> Exercise objective
Could you repeat the entries below exactly, but only from the line with "This Biscoff Cake" through the line with "This Termination Board", and without any picture?

Start of Data supplied

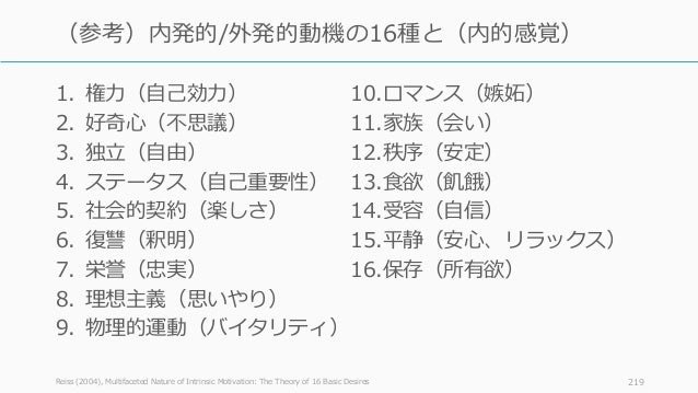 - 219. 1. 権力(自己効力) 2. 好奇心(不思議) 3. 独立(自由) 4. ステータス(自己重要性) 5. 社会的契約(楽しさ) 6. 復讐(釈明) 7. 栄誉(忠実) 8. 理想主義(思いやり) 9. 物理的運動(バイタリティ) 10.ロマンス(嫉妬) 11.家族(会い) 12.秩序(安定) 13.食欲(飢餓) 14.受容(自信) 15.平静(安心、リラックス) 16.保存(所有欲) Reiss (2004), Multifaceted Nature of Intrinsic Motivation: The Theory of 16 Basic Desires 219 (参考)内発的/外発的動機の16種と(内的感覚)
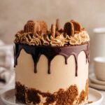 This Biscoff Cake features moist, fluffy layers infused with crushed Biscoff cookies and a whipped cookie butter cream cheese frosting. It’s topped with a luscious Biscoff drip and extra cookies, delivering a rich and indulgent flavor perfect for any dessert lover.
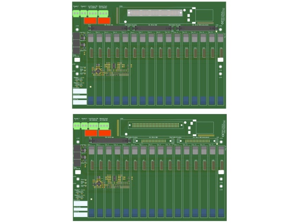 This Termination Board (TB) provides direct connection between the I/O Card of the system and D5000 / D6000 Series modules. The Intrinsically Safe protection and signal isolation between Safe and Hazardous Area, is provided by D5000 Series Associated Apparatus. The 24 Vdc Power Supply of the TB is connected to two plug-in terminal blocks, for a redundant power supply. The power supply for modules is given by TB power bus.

End of Data supplied
Start of Data supplied

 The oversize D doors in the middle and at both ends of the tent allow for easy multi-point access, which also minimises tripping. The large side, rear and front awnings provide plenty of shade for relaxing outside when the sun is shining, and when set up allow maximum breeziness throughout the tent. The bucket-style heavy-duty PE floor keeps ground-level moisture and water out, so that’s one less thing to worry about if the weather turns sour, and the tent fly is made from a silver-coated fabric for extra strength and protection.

End of Data supplied
Start of Data supplied

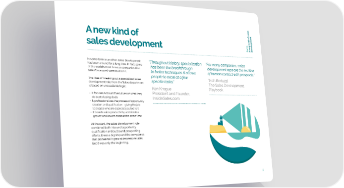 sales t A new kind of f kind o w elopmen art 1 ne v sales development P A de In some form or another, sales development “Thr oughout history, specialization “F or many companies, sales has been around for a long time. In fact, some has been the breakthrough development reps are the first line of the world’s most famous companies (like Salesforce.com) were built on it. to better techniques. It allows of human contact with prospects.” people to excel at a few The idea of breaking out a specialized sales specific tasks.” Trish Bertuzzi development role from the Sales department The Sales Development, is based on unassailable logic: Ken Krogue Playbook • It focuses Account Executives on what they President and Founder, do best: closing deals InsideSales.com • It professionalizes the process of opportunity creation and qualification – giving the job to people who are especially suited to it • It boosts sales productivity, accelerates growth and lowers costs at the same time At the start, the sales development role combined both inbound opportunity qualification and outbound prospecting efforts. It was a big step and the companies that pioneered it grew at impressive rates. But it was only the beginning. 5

End of Data supplied

> Response to this task
 This Biscoff Cake features moist, fluffy layers infused with crushed Biscoff cookies and a whipped cookie butter cream cheese frosting. It’s topped with a luscious Biscoff drip and extra cookies, delivering a rich and indulgent flavor perfect for any dessert lover.
 This Termination Board (TB) provides direct connection between the I/O Card of the system and D5000 / D6000 Series modules. The Intrinsically Safe protection and signal isolation between Safe and Hazardous Area, is provided by D5000 Series Associated Apparatus. The 24 Vdc Power Supply of the TB is connected to two plug-in terminal blocks, for a redundant power supply. The power supply for modules is given by TB power bus.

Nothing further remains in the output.